The UK economy is starting to emerge from stagnation
main news image

Consumer spending has not meaningfully rebounded since the pandemic.

(March 28): Prime Minister Keir Starmer came to power last year promising a growth boost but ended up presiding over a slump. Nine months on, however, the British economy may finally be turning the corner.

A range of economic indicators are starting to improve, from business activity to consumer confidence, and the prospect of two more interest-rate cuts this year promises a further tailwind. The big hope is that the all-important consumer will emerge from hibernation.

“Tentative green shoots” is how Ruth Gregory, deputy chief UK economist at Capital Economics, summed up a deluge of data earlier on Friday that showed retail sales rising and strong growth in living standards. RSM UK economist Thomas Pugh agrees.

“There are finally some signs that the UK consumer is starting to come back to life,” Pugh said “This is another piece of evidence suggesting that the economy bottomed out in the second half of last year after a body blow from the budget but is now starting to recover.”

The shift is good news for Starmer and his Labour government, which pledged to make growth its top priority — only to see the economy flatline as tax rises in October’s budget spooked businesses and consumers. Labour has lost support since the election, and is now barely ahead of the populist Reform UK party in opinion polls.

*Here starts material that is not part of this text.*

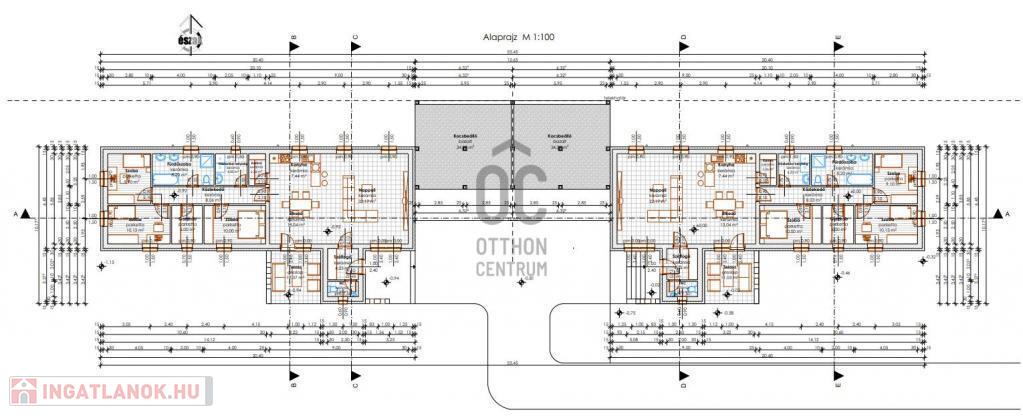 - Felosztása: szélfogó, WC, amerikai konyhás nappali, közlekedő, kamra, háztartási helyiség, fürdőszoba, gardrób, 3 szoba és terasz.

There are of course plenty of reasons for caution — a global trade war begun by US President Donald Trump could blow the recovery off course. And Chancellor of the Exchequer Rachel Reeves may have to raise taxes again later this year to keep the public finances on track. For now, though, things are beginning to look up on the home front.

Official figures on Friday showed retail sales grew a solid 1% in February, on top of a 1.4% increase a month earlier and defying predictions of a 0.4% drop. Separate GDP data for 2024 at the same time revealed that households experienced the strongest real income growth in nine years as wages outstripped inflation.

Prime Minister Keir Starmer came to power last year promising a growth boost but ended up presiding over a slump. Nine months on, however, the British economy may finally be turning the corner.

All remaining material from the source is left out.